━━━━━ DATA PROVIDED ━━━━━
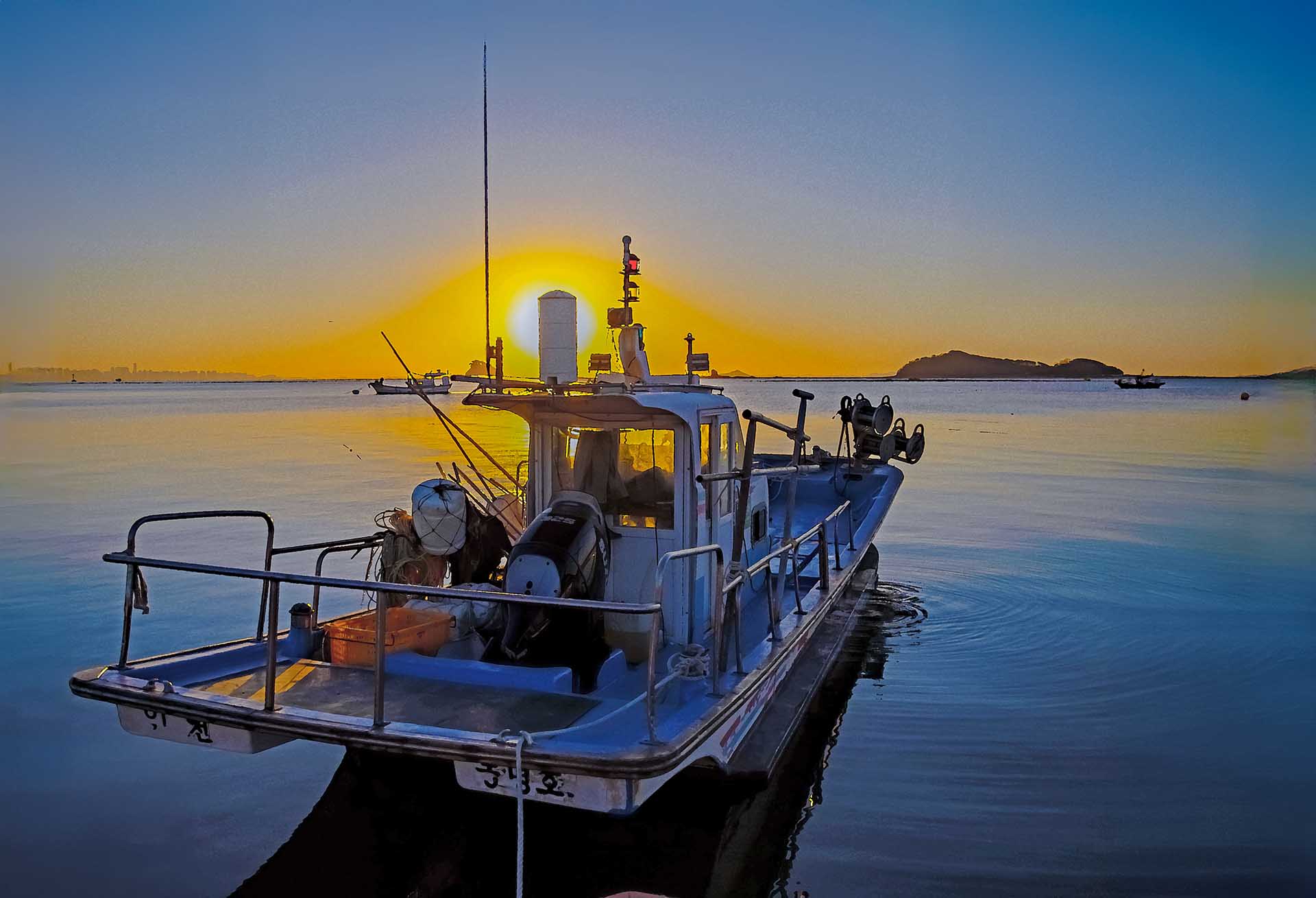 독크로 내려가서 어선과 함께 뜨는해를 표현해 봤습니다
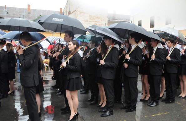 A folyamatosan szemerkélő eső ellenére is terv szerint zajlott le az ünnep, az iskola mögötti sportpályán tartotta meg a ballagást szombaton délelőtt a csíkszeredai Segítő Mária Római Katolikus Gimnázium. Az iskolából a huszadik végzős évfolyam keretében három osztály ballagott el.
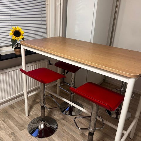 Jysk barbord med hyllor och Ikea hopfällbara barstolar
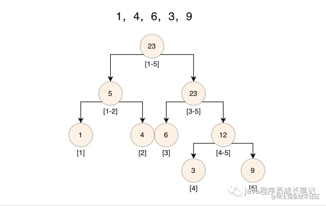 线段树是一种二叉搜索树,是用来维护区间信息的数据结构。可以在O(logN)的时间复杂度内实现单点修改、区间修改、区间查询(区间求和,求区间最大值,求区间最小值)等操作。接下来我以实现区间求和为例子来讲解线段树(最大值和最小值与求和实现方式几乎无异),假设存在一个数组[1,4,6,3,9]。
━━━━━
Retype the lines starting with the one that holds "Jysk barbord med" and ending with the last line of the data above, both included; skip the pictures.

 Jysk barbord med hyllor och Ikea hopfällbara barstolar
 线段树是一种二叉搜索树,是用来维护区间信息的数据结构。可以在O(logN)的时间复杂度内实现单点修改、区间修改、区间查询(区间求和,求区间最大值,求区间最小值)等操作。接下来我以实现区间求和为例子来讲解线段树(最大值和最小值与求和实现方式几乎无异),假设存在一个数组[1,4,6,3,9]。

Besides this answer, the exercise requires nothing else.